YOUR ASSIGNMENT:
Nothing but the lines from the one containing "Neben dieser sehenswerten" through the last line of the records below should be copied, exactly and without pictures.

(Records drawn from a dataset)
================================

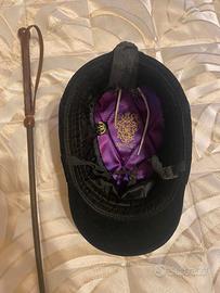 Somerset Cappello Equitazione Con Imbracatura In Velluto Nero Taglia 53 Ideale per ragazzino di anni 10/12. Frustino in regalo. Ottimo regalo per ragazzino alle prime esperienze a cavallo
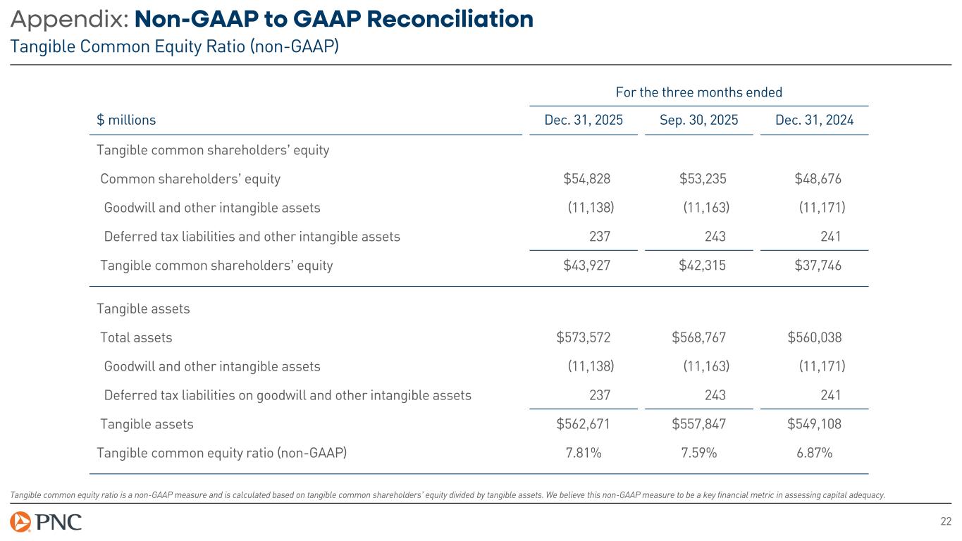 21 Appendix: Non-GAAP to GAAP Reconciliation Tangible Book Value per Common Share (non-GAAP) Tangible book value per common share is a non-GAAP measure and is calculated based on tangible common shareholders’ equity divided by period end common shares outstanding. We believe this non-GAAP measure serves as a useful tool to help evaluate the strength and discipline of a company's capital management strategies and as an additional, conservative measure of total company value. For the three months ended $ millions, except per share data Dec. 31, 2025 Sep. 30, 2025 Dec. 31, 2024 Book value per common share $140.44 $135.67 $122.94 Tangible book value per common share Common shareholders’ equity $54,828 $53,235 $48,676 Goodwill and other intangible assets (11,138) (11,163) (11,171) Deferred tax liabilities on goodwill and other intangible assets 237 243 241 Tangible common shareholders’ equity $43,927 $42,315 $37,746 Period end common shares outstanding (in millions) 390 392 396 Tangible Book Value per Common Share (non-GAAP) $112.51 $107.84 $95.33
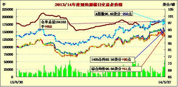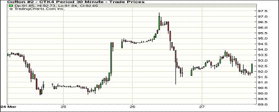 3月27日,紐約期棉近期合約收漲,遠期合約略有下跌;主力5月合約結(jié)算價92.56美分/磅,漲90點;7月合約結(jié)算價92.37美分/磅,漲101點;10月合約收于81.49美分/磅,漲12點。經(jīng)過連續(xù)兩日寬幅震蕩后,27日棉價震蕩區(qū)間縮小,當日早盤略有下跌,主力5月合約受市場買盤支撐上漲近百點;市場成交較前一日的六周高值(56095手)大幅下降,1412月新花在80美分/磅以下徘徊。受各國政策消息影響,本周棉價大起大落;上周美國凈簽約出口本年度陸地棉15037噸,較前一周增31%,較近四周平均值減11%;裝運58763噸,較前一周減21%,較近四周平均值減16%。
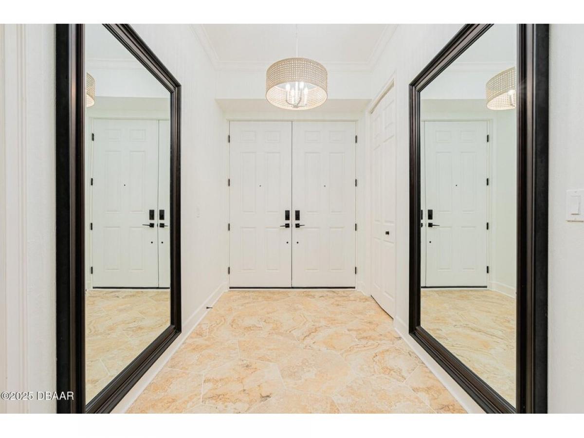 Welcome to 2855 S Atlantic Avenue, unit 303 - Your Exclusive Coastal Sanctuary. Nestled in the prestigious St. Kitts building of Daytona Beach Shores, this luxury coastal home-in-the-sky is the epitome of luxury living. This exquisite 3-bedroom, 3-bathroom condo on the third floor presents an ideal blend of privacy, elegance, and breathtaking panoramic ocean views. This northeast-facing corner unit boasts unparalleled vistas, where the Atlantic Ocean unfolds before you, complemented by the tranquility of multimillion-dollar homes to the north. With unobstructed views stretching along the coastline - every moment spent here feels like an exclusive escape. St. Kitts is one of Daytona Beach Shores#039; most coveted buildings, offering just 24 units across six stories. With only four units per floor and 23 neighbors, this boutique-style complex provides an intimate, serene living experience. Upon arrival, you are greeted by the peaceful ambiance of a private pool, lush gardens, and an intimate, stylish foyer - each element setting the tone for the luxury that awaits inside. Step into the heart of the home, where an open-concept living and dining area invites relaxation and effortless entertaining. Triple sliding glass doors open to a spacious wraparound balcony, offering breathtaking ocean views, making it an ideal space to unwind or host guests. Whether you#039;re enjoying a morning coffee or a sunset cocktail, the beauty of the ocean is your constant companion. Italian porcelain floors, wide-plank hickory, and soaring 10-foot ceilings combine to create an atmosphere where contemporary elegance effortlessly blends with coastal charm. The gourmet kitchen is a culinary masterpiece, featuring updated custom white cabinetry with added storage and impressive new modern hardware, stunning granite countertops, a custom copper sink, and top-of-the-line stainless steel appliances. This thoughtfully designed space offers the perfect balance of functionality and beauty, allowing you to prepare meals while taking in the spectacular coastal views. The primary suite is a true oceanfront retreat, offering direct access to the balcony and sweeping views of the Atlantic. Sunlight pours through large windows, and plush new carpeting creates a peaceful, cozy atmosphere. The en-suite bathroom is a spa-like sanctuary, complete with a glass block shower, a makeup counter, and an oversized custom-built walk-in closet, elevating your daily living experience. Two additional bedrooms provide ultimate privacy and comfort away from the primary. One room offers its own en-suite bathroom and features sliding doors that lead to a private balcony, offering a tranquil space for guests or family. The other bedroom features ocean views and access to a full bathroom. Whether hosting or enjoying a quiet evening, these rooms ensure luxury, seclusion, and an abundance of natural beauty. This home has been meticulously designed with convenience and comfort in mind. The inside laundry room includes ample storage and a utility sink, while a second large storage room ensures that everything has its place. Tinted windows throughout the condominium regulate light and temperature, enhancing energy efficiency and comfort year-round. Professionally staged by celebrity interior designer Michelle Bondi, this exquisite condo showcases stunning coastal-inspired pieces paired with luxury brands. Available fully furnished at an additional cost, this home offers a seamless move-in experience for those seeking a turnkey lifestyle. Every detail has been carefully curated to enhance comfort and sophistication, creating a space that#039;s both inviting and refined. Whether you#039;re looking to enjoy the breathtaking views or entertain guests in style, this condo offers a perfect blend of elegance and functionality. St. Kitts offers an exceptional array of amenities, including a heated pool, fitness room, Jacuzzi/hot tub, and a social room with a full kitchen for entertaining. Secure underground parking provides peace of mind, while direct beach access via a public trail just outside the building allows you to enjoy the ocean whenever you please. St. Kitts offers the rare combination of seclusion and convenience. Enjoy the privacy of your oceanfront retreat while being just minutes away from the shopping, dining, and entertainment of Daytona Beach Shores. The building#039;s southwest-facing heated pool is sheltered from the northeast breeze, ensuring a sunny, relaxing experience year-round. The unique oceanfront lawn offers a peaceful, serene setting to fully embrace the beauty of your surroundings. As a pet-friendly building, your beloved pets will enjoy a secure and welcoming environment, providing them with the comfort and safety they deserve. Unit 303 at St. Kitts offers a rare opportunity to own a piece of paradise in one of Daytona Beach Shores#039; most coveted buildings. There is no other 3-bedroom, 3-bathroom home like it! The breathtaking views are absolutely priceless. With only 23 neighbors, this luxurious sky-high retreat ensures unmatched privacy, exclusivity, and coastal elegance. Don#039;t miss your chance to experience this extraordinary home. Schedule a private showing today and immerse yourself in the unparalleled beauty, tranquility, and sophistication of St. Kitts. Your coastal sanctuary awaits. Appointment Only. Proof of Funds Required.
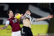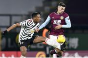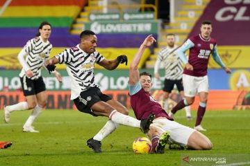 Pesepak bola Manchester United Anthony Martial (kiri) berebut bola dengan pesepak bola Butnley Matthew Lowton dalam laga pekan ke-17 Liga Inggris, di Stadion Turf Moor, Burnley, Inggris, Selasa (12/1/2021). Manchester United menang 1-0 atas Burney lewat sumbangan satu-satu nya gol yang diciptakan Paul Pogba dan merebut puncak klasemen sementara dari Liverpool. ANTARA FOTO/Pool via Reuters- Clive Brunskill/hp.
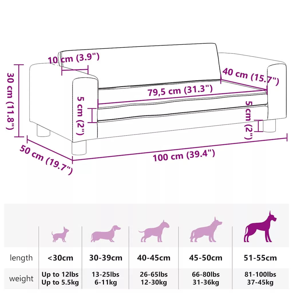 - Kutyaágy mérete: 100 x 50 x 30 cm (Szé x Mé x Ma)
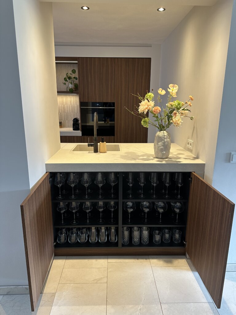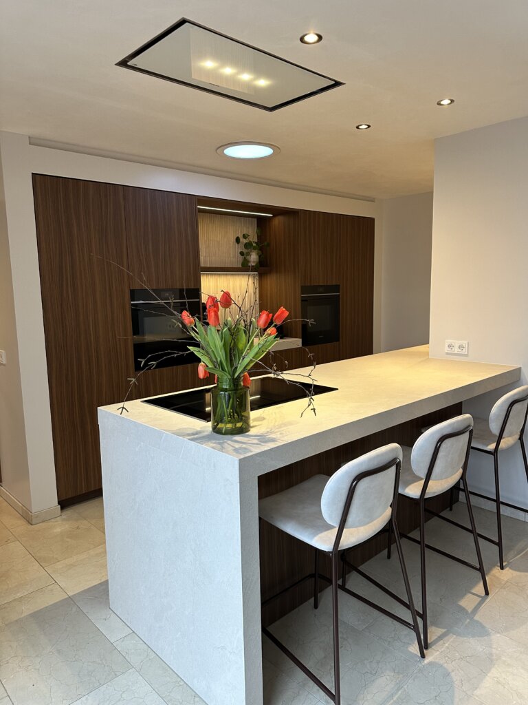 Het royale kookeiland vormt het hart van de keuken en nodigt uit tot samenzijn. Het lichte werkblad contrasteert prachtig met de warme houttinten van de fronten, waardoor een tijdloos en elegant geheel ontstaat. Naast uitstraling stond gebruiksgemak centraal. Het eiland biedt voldoende werkruimte én een gezellige zitplek, zodat koken en samenzijn hand in hand gaan.
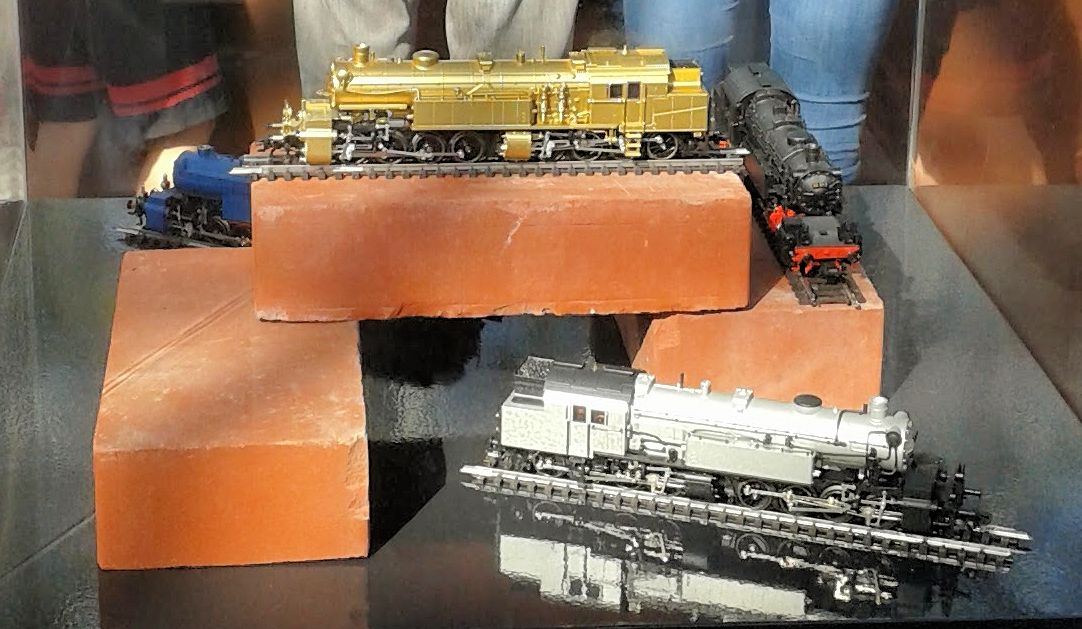 Neben dieser sehenswerten Anlage, gab es aber auch andere Schätze aus dem Deutschen-Bundesbahnbereich zu bewundern. Alte Sitzkabinen waren aufgebaut, die von Schaffnern umgeben waren. Auch Bauarbeiter posierten für eigens dafür erstellten Gleisanlagen, und sehr viele Modellautos, sowie wertvolle goldene und silberne Sondermodelle spiegelten uns aus den Glasvitrinen entgegen.
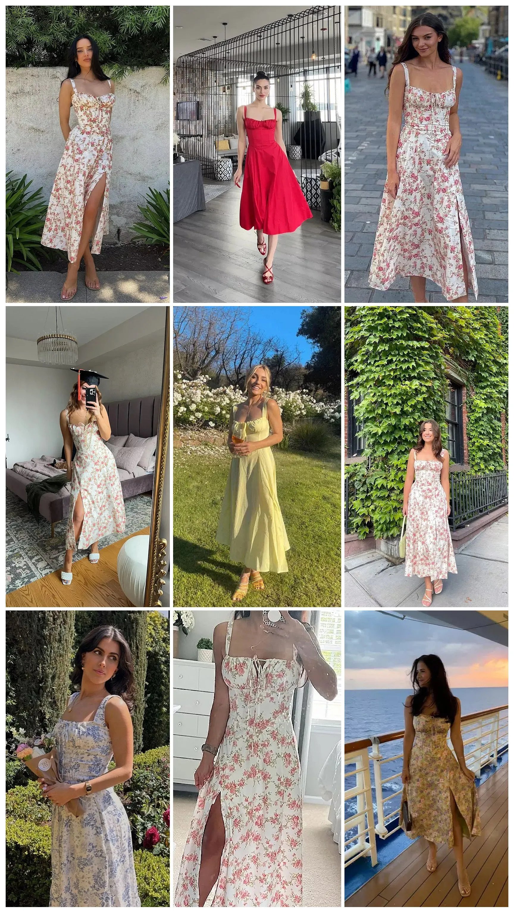 The fitted bustier top of our sundress creates a flattering silhouette, while the flared skirt flows beautifully for a feminine look that's both comfortable and stylish. The sweetheart neckline features soft cups and fitted with our incredible corsetry boning to snatch the waist for an amazing silhouette. It has a lace up back for pretty detailing, revealing for your desired fit.

================================

WRITTEN RESPONSE:
 Neben dieser sehenswerten Anlage, gab es aber auch andere Schätze aus dem Deutschen-Bundesbahnbereich zu bewundern. Alte Sitzkabinen waren aufgebaut, die von Schaffnern umgeben waren. Auch Bauarbeiter posierten für eigens dafür erstellten Gleisanlagen, und sehr viele Modellautos, sowie wertvolle goldene und silberne Sondermodelle spiegelten uns aus den Glasvitrinen entgegen.
 The fitted bustier top of our sundress creates a flattering silhouette, while the flared skirt flows beautifully for a feminine look that's both comfortable and stylish. The sweetheart neckline features soft cups and fitted with our incredible corsetry boning to snatch the waist for an amazing silhouette. It has a lace up back for pretty detailing, revealing for your desired fit.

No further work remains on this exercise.